Item 5.07. |
Submission of Matters to a Vote of Security Holders. |
As previously disclosed in the Current Report on Form 8-K filed with the U.S. Securities and Exchange Commission (the “SEC”) on August 1, 2023 by Atlas Energy Solutions Inc. (the “Company” or “Atlas”), the Company previously entered into a Master Reorganization Agreement, dated as of July 31, 2023 (the “MRA”), with Atlas Sand Operating, LLC, a Delaware limited liability company and a direct, majority owned subsidiary of the Company (“Opco”), New Atlas HoldCo Inc., a Delaware corporation and a direct, wholly owned subsidiary of the Company (“New Atlas”), AESI Merger Sub Inc., a Delaware corporation and a direct, wholly owned subsidiary of New Atlas (“PubCo Merger Sub”), Atlas Operating Merger Sub, LLC, a Delaware limited liability company and a direct, wholly owned subsidiary of New Atlas (“Opco Merger Sub”), and Atlas Sand Holdings, LLC, a Delaware limited liability company (“Holdings”), pursuant to which the Company will reorganize under a new public holding company (the “Reorganization”).

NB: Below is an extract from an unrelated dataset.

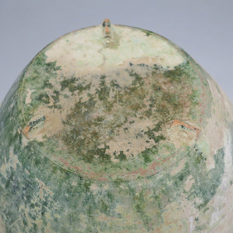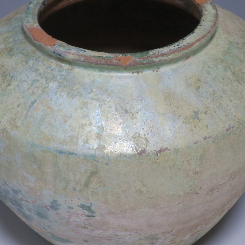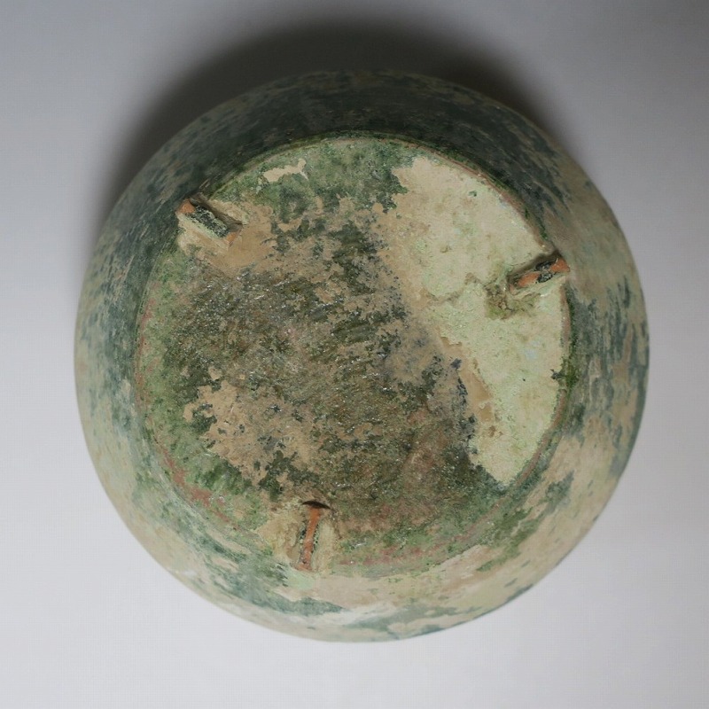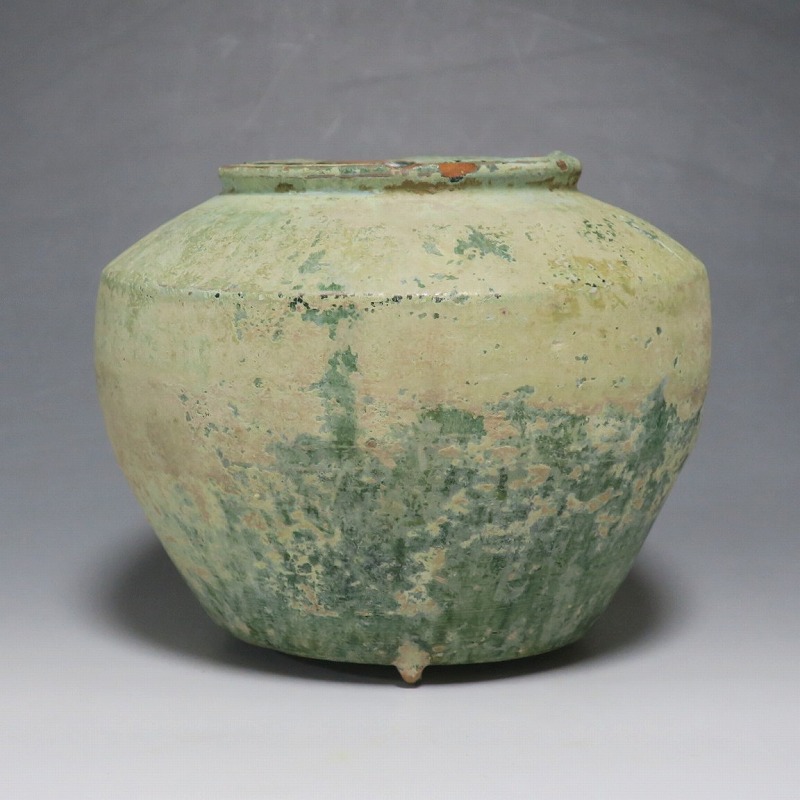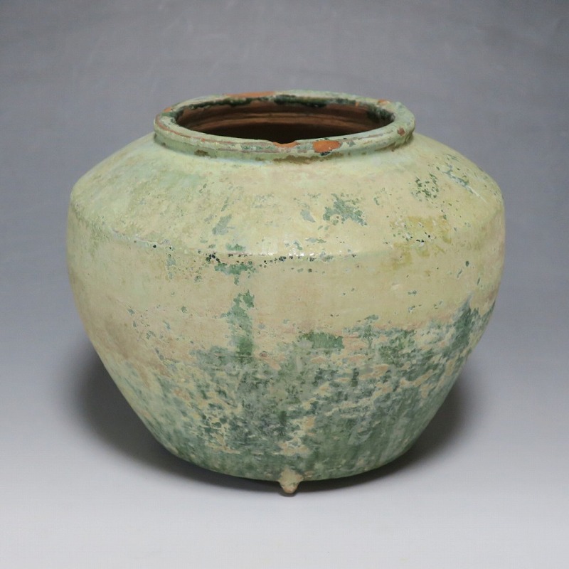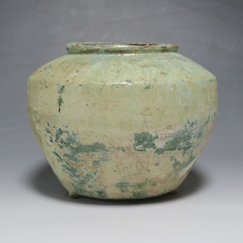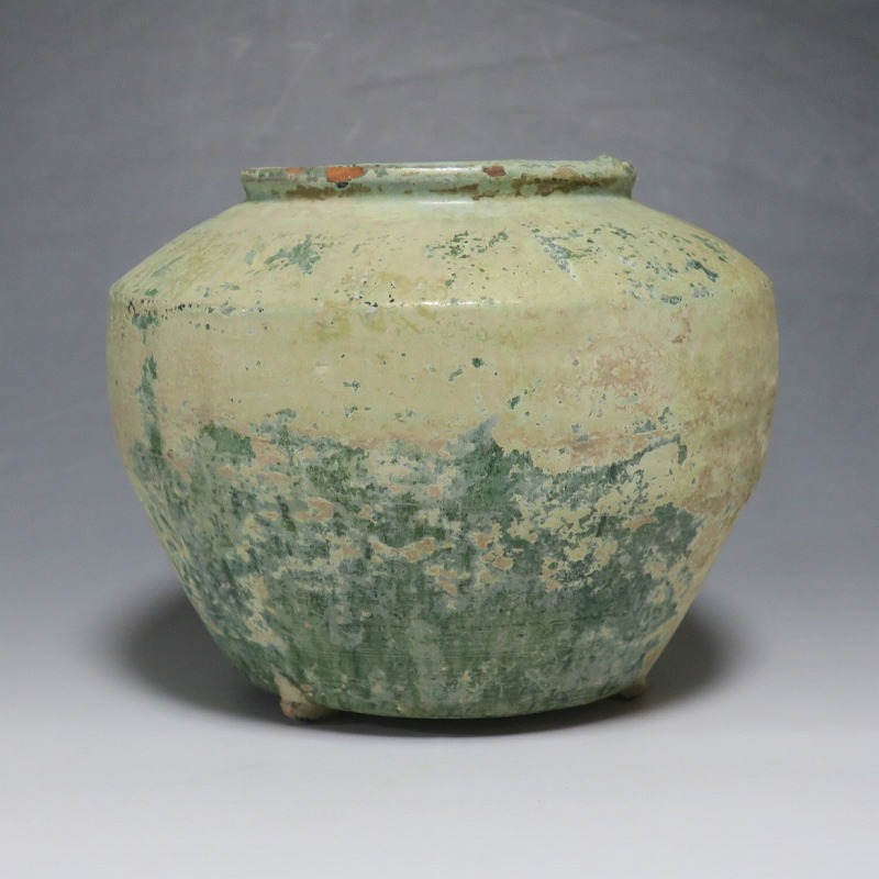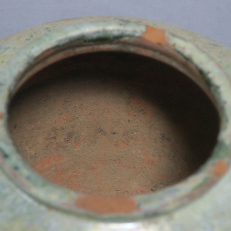 高さ 約12.5cm/胴径 約15.5cm 口辺に削げがあり、発掘品なので全体的に緑釉が銀化し、釉ハゲ、カセ、発掘時の土が付いています。状態は写真でご確認ください。 古代中国では死者を埋葬する時、来世の生活のために陵墓に明器を添える習慣がありました。後漢時代、緑釉技法が発明されるとそれが流行し後漢と言えば「緑釉陶」を思い浮かべるほど有名です。本品は土中の水分を含んで鉛釉が銀化した緑釉小壺。全体的に薄緑色に銀化した美しい壺です。キューカンバグリーンの緑釉とは異なった味わいがあります。飾って古代中国の世界を感じてください。 | ||

The Reorganization will allow the Company, among other things, to eliminate its “Up-C” structure and to transition to a single class of common stock held by all stockholders, as opposed to the two classes of common stock of the Company that are currently authorized, issued and outstanding: the Class A Common Stock, par value $0.01 per share (such shares, the “Existing Class A Shares”), and the Class B Common Stock, par value $0.01 per share (such shares, the “Existing Class B Shares” and, together with the Existing Class A Shares, the “Existing Common Stock”).
Holdings currently holds all of the Existing Class B Shares and all of the issued and outstanding membership interests in Opco, designated as “Common Units” (the “Opco Units”), not held by the Company. As used in this Current Report on Form 8-K, the term “Downstairs Holder(s)” refers to Holdings or, in the event that any of the Opco Units and corresponding Existing Class B Shares currently held by Holdings are distributed or otherwise transferred prior to the consummation of the Reorganization, the holders of such securities following such distribution or transfer.

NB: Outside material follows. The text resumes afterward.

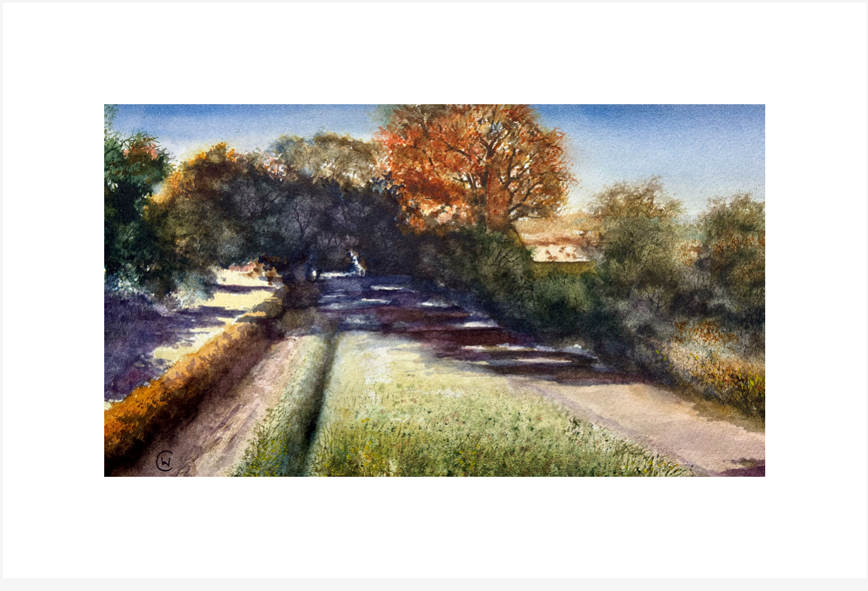 A country track and a narrow road converge before vanishing beneath the trees. Beyond them, the fields stretch into quiet distance, held in the soft light of late afternoon. It’s a landscape of stillness and remembrance — a moment where time seems to pause, and all things drift gently away.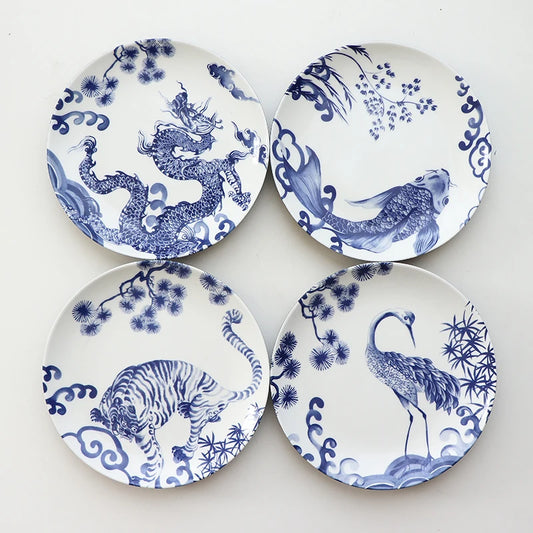 Chinese Painted Auspicious Animals Dessert Plates Vintage Blue and White Underglaze Ceramic Dinner Plate Afternoon Tea Tableware

Pursuant to the MRA, (a) PubCo Merger Sub will be merged with and into the Company (the “PubCo Merger”), as a result of which (i) each of the Existing Class A Shares then issued and outstanding will be exchanged for one share of common stock of New Atlas, par value $0.01 per share (the “New Atlas Common Stock”), (ii) all of the Existing Class B Shares then issued and outstanding will be surrendered by the Downstairs Holder(s) and cancelled for no consideration and (iii) the Company will survive the PubCo Merger (in such capacity, the “Surviving Corporation”) as a direct, wholly owned subsidiary of New Atlas; and (b) Opco Merger Sub will be merged with and into Opco (the “Opco Merger” and, together with the PubCo Merger, the “Mergers”), as a result of which (i) each of the Opco Units then issued, outstanding and held by the Downstairs Holder(s) will be exchanged for one share of New Atlas Common Stock and (ii) Opco will become a wholly owned subsidiary (partially direct and partially indirect through the Surviving Corporation (i.e. the Company)) of New Atlas. After completion of the Reorganization, New Atlas will replace the Company as the publicly held entity and, through its subsidiaries, will conduct all of the operations currently conducted by the Company, and the Company will remain the managing member of Opco.
The consummation of the Reorganization, including the Mergers, is subject to the satisfaction or waiver of certain specified conditions in the MRA, including, among other things, (i) the receipt of approval of the Reorganization by the holders of a majority of the voting power of the outstanding shares of Existing Common Stock entitled to vote thereon, (ii) the registration statement on Form S-4 filed by New Atlas in connection with the Mergers (the “Reorganization Registration Statement”) having been declared effective by the SEC under the Securities Act of 1933, as amended (the “Securities Act”), (iii) the shares of New Atlas Common Stock issuable in connection with the Mergers having been approved for listing on the New York Stock Exchange (the “NYSE”) and (iv) at least 20 calendar days having elapsed since the Company first mailed the information statement of the Company and prospectus of New Atlas that are each included in the Reorganization Registration Statement to the Company’s stockholders.
The foregoing description of the Reorganization, the MRA and the transactions contemplated thereby is a summary only, does not purport to be complete and is subject to, and qualified in its entirety by, the full text of the MRA, a copy of which was filed with the SEC on August 1, 2023 as Exhibit 2.1 to the Company’s Current Report on Form 8-K and is incorporated by reference into this Item 5.07.